Back-tested results are one of the most valuable tools on AlgoMart—but they are also one of the easiest to misunderstand.
New users often focus on headline returns or recent performance without fully considering risk, structure, and context. This article highlights the most common mistakes users make when reading backtests and explains how to avoid them.
The goal is not to distrust backtests—but to use them correctly.

Mistake 1: Treating backtests as predictions
A backtest shows how a strategy would have behaved historically—not how it will perform in the future.
Common misunderstandings include:
Assuming similar returns will repeat
Treating back-tested allocations as forecasts
Expecting smooth performance paths
Backtests provide context, not guarantees.

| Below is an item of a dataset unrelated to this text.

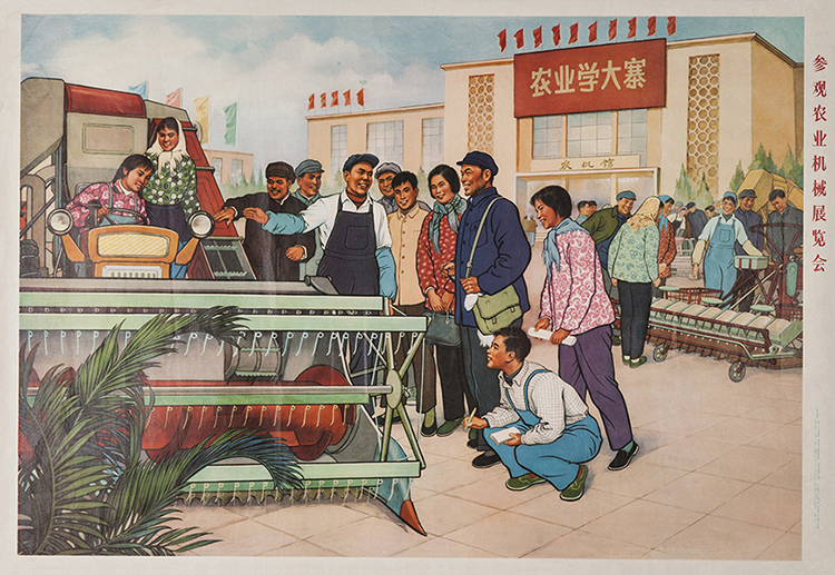 藏品-农业宣传画-参观农业机械展览会刘王斌创作 长77cm*宽53cm 1974年7月版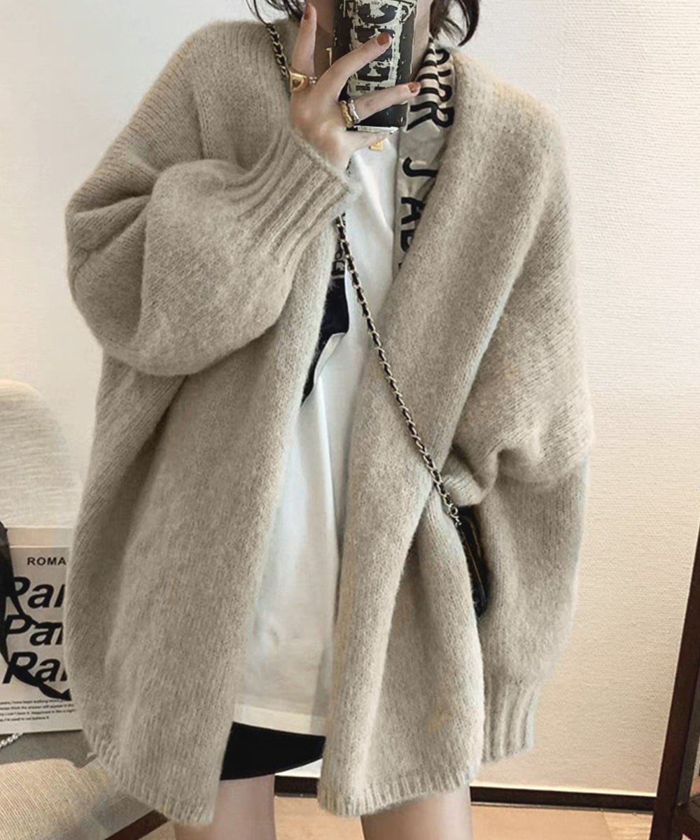 ボタンレスデザインでさらりと羽織れるトッパーカーディガン。

Markets change, regimes shift, and no model can account for every future condition.
How to avoid it:
Use backtests to understand behaviour across environments—not to predict outcomes.
Mistake 2: Focusing only on returns
High cumulative returns are eye-catching, but they rarely tell the full story.
Many users overlook:
Maximum drawdowns
Volatility during stress periods
Recovery times after losses
A strategy that performs well on paper may still be difficult to hold during real drawdowns.
How to avoid it:
Always review drawdowns, volatility, and downside metrics before looking at cumulative performance.
Mistake 3: Comparing strategies with different benchmarks
Not all strategies are designed to beat the same benchmark.
A growth-oriented strategy and a defensive strategy may both succeed—even if their returns differ significantly.
Problems arise when users:
Compare strategies without checking benchmark composition
Assume higher returns mean “better”
Ignore equity/bond mix differences
How to avoid it:
Compare each strategy relative to its own benchmark, not to other strategies with different objectives.
Mistake 4: Ignoring regime behaviour
Many strategies behave differently during:
Bear markets
High-volatility periods
Defensive or emergency regimes
Users sometimes assume allocations are static, when in reality they evolve over time.
How to avoid it:
Review allocation history and understand how the strategy transitions during stress conditions.

Mistake 5: Over-optimising the past
Some users attempt to “reverse engineer” a strategy to find the perfect historical window or allocation.
This often leads to:
Curve-fitting bias
Unrealistic expectations
Fragile decision-making
Backtests are most useful when viewed over long periods, including unfavourable environments.
A safer way to read backtests
A disciplined approach includes:
Reading strategy objectives first
Reviewing risk and drawdowns before returns
Understanding benchmarks and regimes
Treating results as historical context
Avoiding short-term performance bias

Important note (informational use):
All AlgoMart backtests, statistics, and strategy data are provided for informational purposes only. They do not represent investment advice, predictions, or guarantees of future performance.
Users should conduct their own due diligence and consult qualified financial professionals where appropriate.